Hearing your doctor describe your pregnancy as “high-risk” can be a frightening and overwhelming experience. The term itself sounds alarming, often conjuring up worst-case scenarios. However, in the medical field, “high-risk” does not mean that something is guaranteed to go wrong. It simply means that you or your baby have an increased chance of experiencing health problems during the pregnancy, delivery, or postpartum period, and therefore, you require closer monitoring and specialized care.
A high-risk designation is a proactive measure. It is the medical system’s way of ensuring that you receive the exact level of attention, testing, and expertise needed to mitigate those risks and achieve the best possible outcome: a healthy mother and a healthy baby.
This comprehensive guide is designed to demystify the concept of a high-risk pregnancy. We will explore the various factors that can lead to this classification, detail the specific conditions that require specialized management, explain how your prenatal care will differ from a routine pregnancy, and provide actionable advice on how to navigate this journey with confidence and peace of mind.
Section 1: What Makes a Pregnancy High-Risk?
A pregnancy can be classified as high-risk for a multitude of reasons. These factors generally fall into four main categories: maternal age, pre-existing medical conditions, conditions that develop during pregnancy, and issues related to the pregnancy itself.
1. Maternal Age
Age is one of the most common reasons for a high-risk designation.
- Advanced Maternal Age (AMA): Women who will be 35 or older at their estimated due date are considered to be of advanced maternal age, as defined by ACOG. While many women in their late 30s and 40s have perfectly healthy pregnancies, the risk of certain complications—such as chromosomal abnormalities (like Down syndrome), gestational diabetes, preeclampsia, and miscarriage—increases with age.

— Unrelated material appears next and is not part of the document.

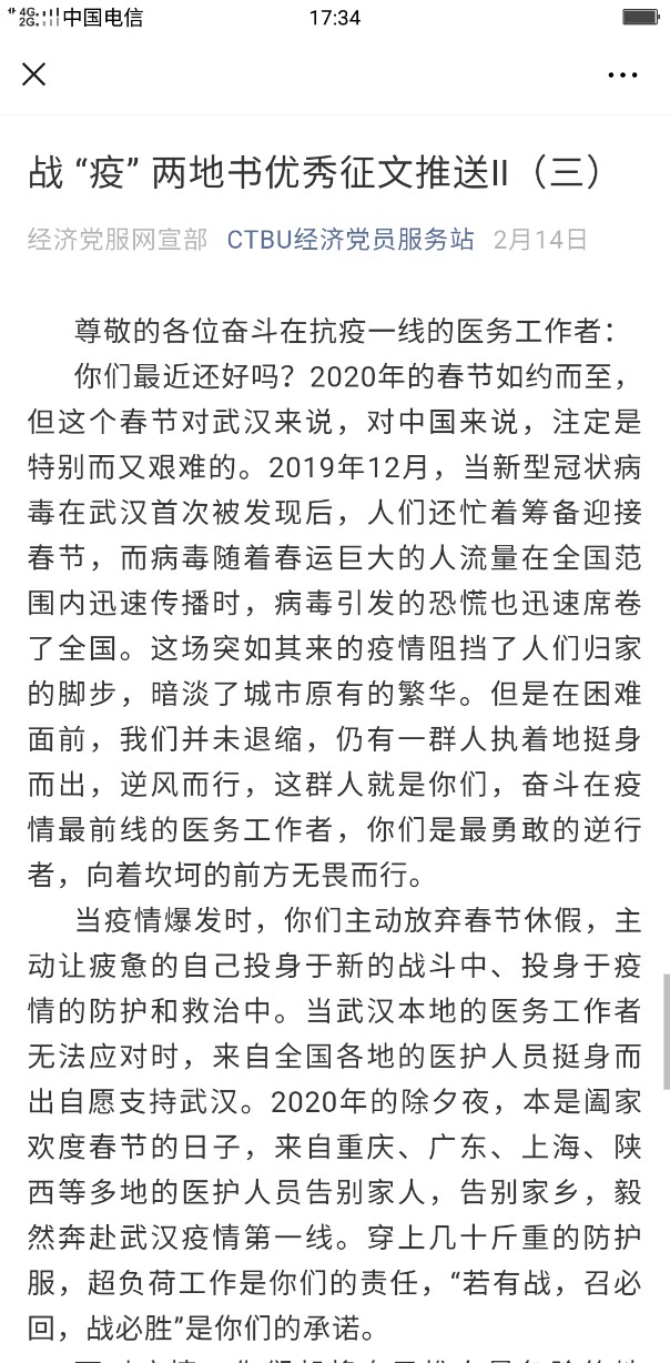 自新冠疫情发生以来,学校学工部、校团委、yl34511线路中心联合主办“战‘疫’两地书”活动,以“给......的一封信”的书信形式,征集原创、尚未公开发表征文,给奋斗在一线的广大医护人员、基层干部或湖北、武汉的同学们送去温暖与正能量。

- Teen Pregnancy: Pregnant teenagers (under age 17) are also at a higher risk for complications, including high blood pressure, anemia, and premature labor, often due to a combination of biological immaturity and socioeconomic factors.
2. Pre-Existing Medical Conditions
If you have a chronic health condition before you become pregnant, it can affect the pregnancy, and the pregnancy can, in turn, affect your condition. Common pre-existing conditions that require high-risk management include:
- Chronic Hypertension (High Blood Pressure): Increases the risk of preeclampsia, placental abruption, and restricted fetal growth.
- Diabetes (Type 1 or Type 2): Poorly controlled blood sugar before and during early pregnancy increases the risk of birth defects, miscarriage, and a very large baby (macrosomia).
- Autoimmune Diseases: Conditions like lupus or multiple sclerosis can increase the risk of preterm birth and preeclampsia.
- Thyroid Disease: Both overactive and underactive thyroids need careful management to prevent complications for both mother and baby.
Heart, Kidney, or Lung Disease: These conditions put extra strain on the body, which is compounded by the physical demands of pregnancy. - Obesity: A Body Mass Index (BMI) of 30 or higher increases the risk of gestational diabetes, preeclampsia, sleep apnea, and the need for a C-section.
3. Conditions That Develop During Pregnancy
Sometimes, a woman begins her pregnancy perfectly healthy, but develops a condition as the pregnancy progresses.
- Preeclampsia: A serious blood pressure condition that develops after week 20. It can damage maternal organs (like the liver and kidneys) and restrict blood flow to the placenta.
- Gestational Diabetes: A type of diabetes that develops only during pregnancy. It requires careful diet management and sometimes medication to prevent the baby from growing too large.
- Placenta Previa: A condition where the placenta partially or completely covers the cervix, which can cause severe bleeding during pregnancy or delivery.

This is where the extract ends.